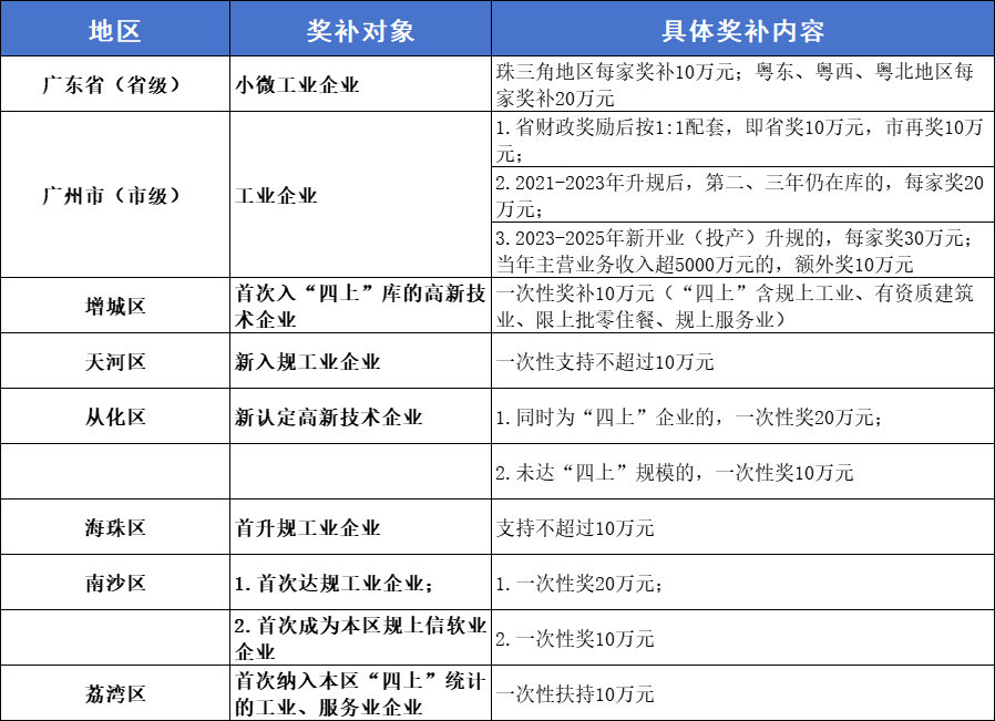 目前广东省及下辖各市、区针对小升规企业推出多重奖补,企业可根据注册地申请对应扶持,部分核心政策如下:
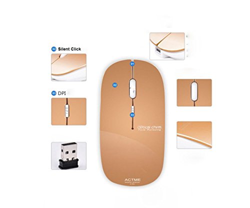 Title : ACTME T5 Rechargeable Optical Ultra Thin Wireless Gaming Mouse Silent Click Gold
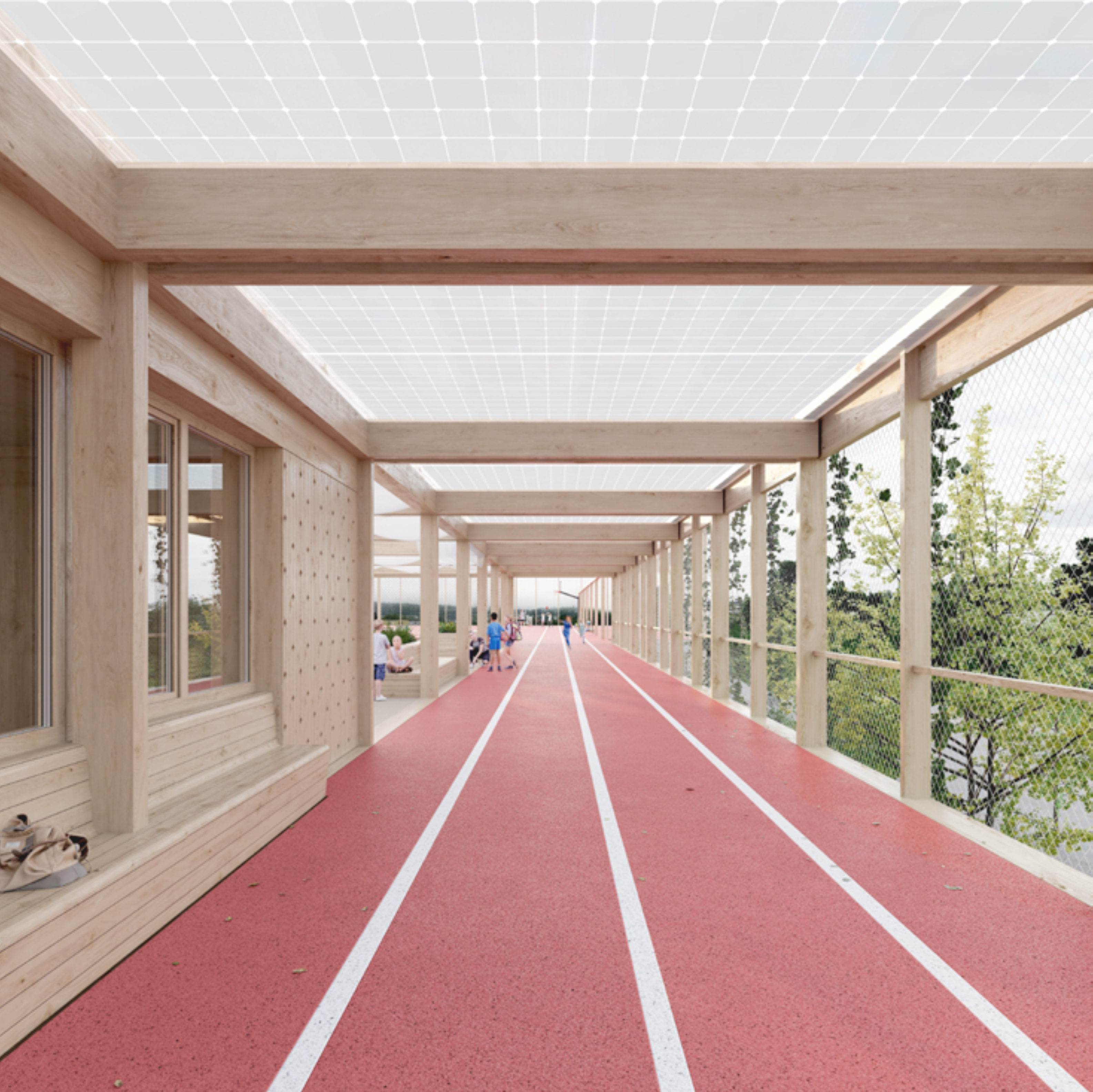 Das Projekt hält die höchsten energetischen und ökologischen Standards ein. Dank PV-Anlagen wird die Schule mit erneuerbarer Energie versorgt. Zudem ist ein hoher Grünanteil mit Förderung der Biodiversität vorgesehen. Auf versiegelte Flächen wird wo möglich verzichtet.
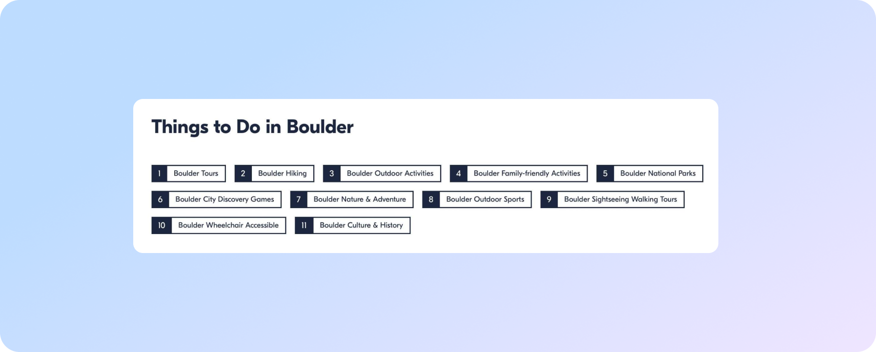 На прикладі сторінки Боулдера на GetYourGuide: вона також веде на інші популярні міста:
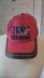 True Religion Vintage Y2K Adjustable Strapback Cap. Distressed Embroidered. Light red with brown faux leather trim.
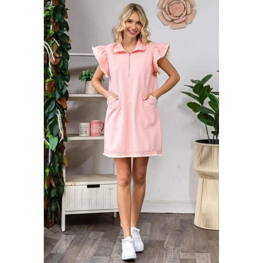 Elevate your wardrobe with the Tina Ruffle Sleeve Dress! This gorgeous dress features beautiful ruffle sleeves that add movement and flair to your look. Perfect for any occasion, it will make you feel confident and stylish. Make a statement and stand out in this must-have dress!
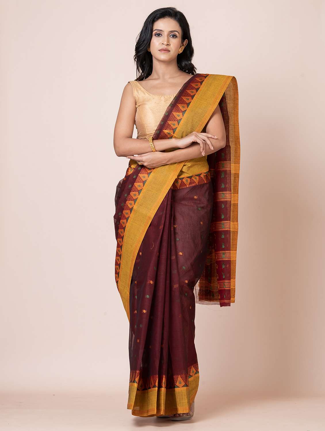 Puku Pure Cotton Tant Tangail saree with Buti Work without blouse fabric
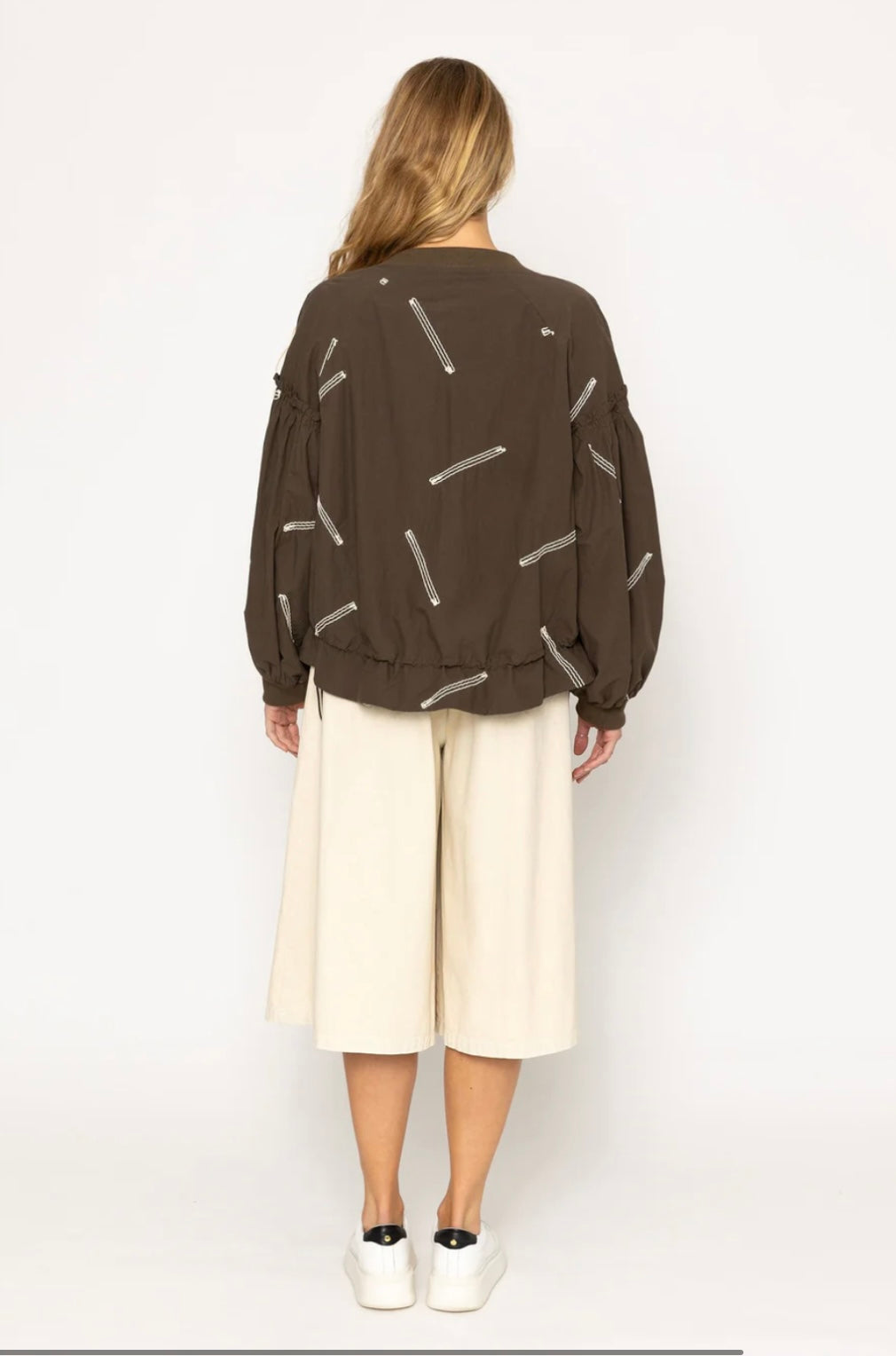 - Subtle puff sleeves, Front pockets, Line pattern print
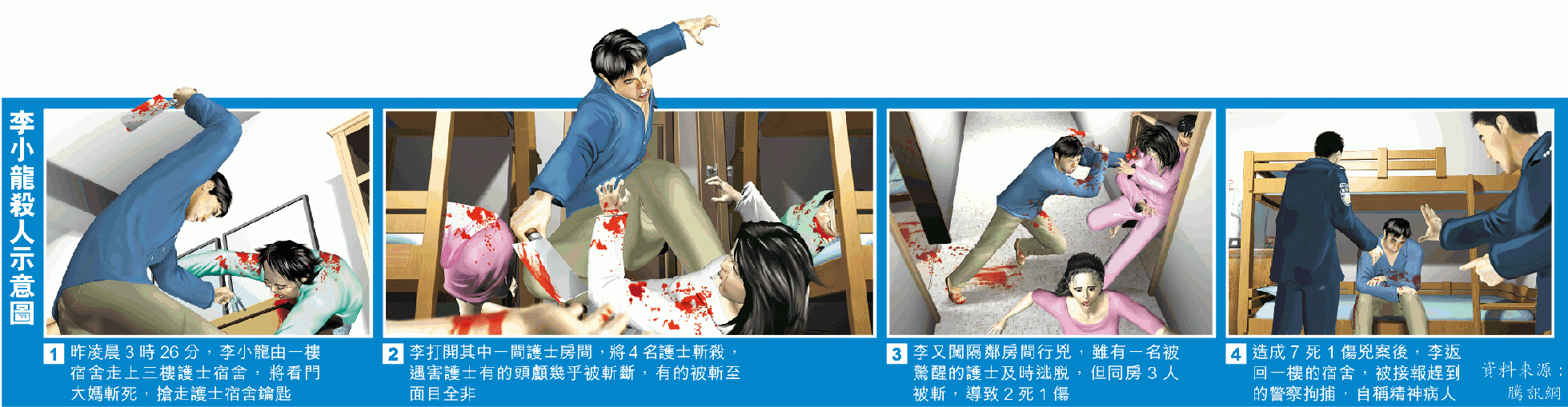 事發在北京軍區北戴河療養院(又稱281醫院),27歲疑兇李小龍為醫院食堂職工,負責切菜等工作。他與死傷者住在醫院同一棟宿舍,男女分層居住,李住一樓,女護士們則住在三樓。昨日凌晨3時26分,李突然持菜刀走上三樓,先騙50歲的看門大媽開門,將她斬死,然後搶走門匙,直闖女護士的房間。據報,李至少闖入兩間房行兇,當時每間房住了四個人。
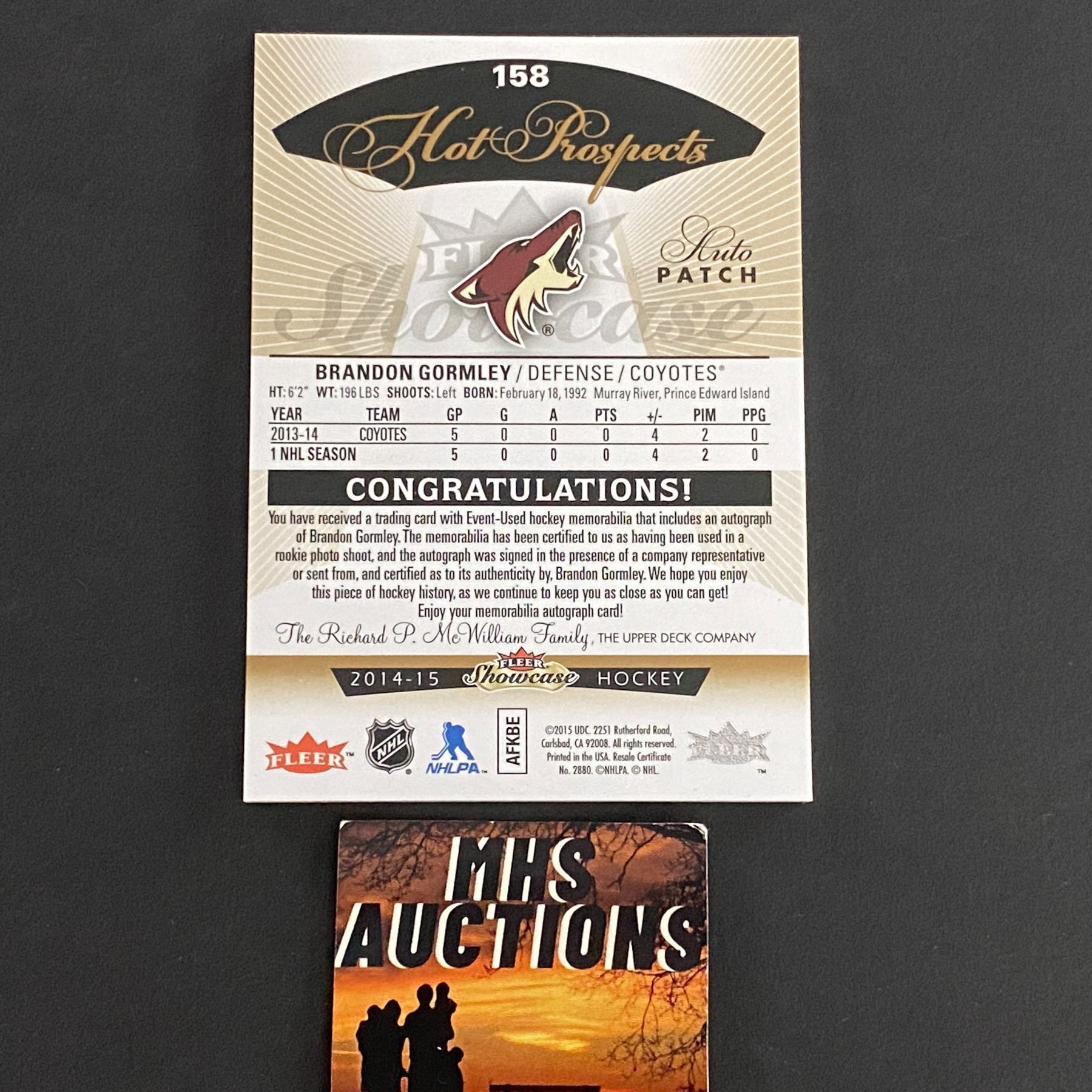 2014-15 FLEER SHOWCASE PATCH/AUTO BRANDON GORMLEY HOCKEY CARD

________________

WHAT TO WORK ON:
Each line of the listing must be restated word for word, and the pictures left out.

RESPONSE:
 目前广东省及下辖各市、区针对小升规企业推出多重奖补,企业可根据注册地申请对应扶持,部分核心政策如下:
 Title : ACTME T5 Rechargeable Optical Ultra Thin Wireless Gaming Mouse Silent Click Gold
 Das Projekt hält die höchsten energetischen und ökologischen Standards ein. Dank PV-Anlagen wird die Schule mit erneuerbarer Energie versorgt. Zudem ist ein hoher Grünanteil mit Förderung der Biodiversität vorgesehen. Auf versiegelte Flächen wird wo möglich verzichtet.
 На прикладі сторінки Боулдера на GetYourGuide: вона також веде на інші популярні міста:
 True Religion Vintage Y2K Adjustable Strapback Cap. Distressed Embroidered. Light red with brown faux leather trim.
 Elevate your wardrobe with the Tina Ruffle Sleeve Dress! This gorgeous dress features beautiful ruffle sleeves that add movement and flair to your look. Perfect for any occasion, it will make you feel confident and stylish. Make a statement and stand out in this must-have dress!
 Puku Pure Cotton Tant Tangail saree with Buti Work without blouse fabric
 - Subtle puff sleeves, Front pockets, Line pattern print
 事發在北京軍區北戴河療養院(又稱281醫院),27歲疑兇李小龍為醫院食堂職工,負責切菜等工作。他與死傷者住在醫院同一棟宿舍,男女分層居住,李住一樓,女護士們則住在三樓。昨日凌晨3時26分,李突然持菜刀走上三樓,先騙50歲的看門大媽開門,將她斬死,然後搶走門匙,直闖女護士的房間。據報,李至少闖入兩間房行兇,當時每間房住了四個人。
 2014-15 FLEER SHOWCASE PATCH/AUTO BRANDON GORMLEY HOCKEY CARD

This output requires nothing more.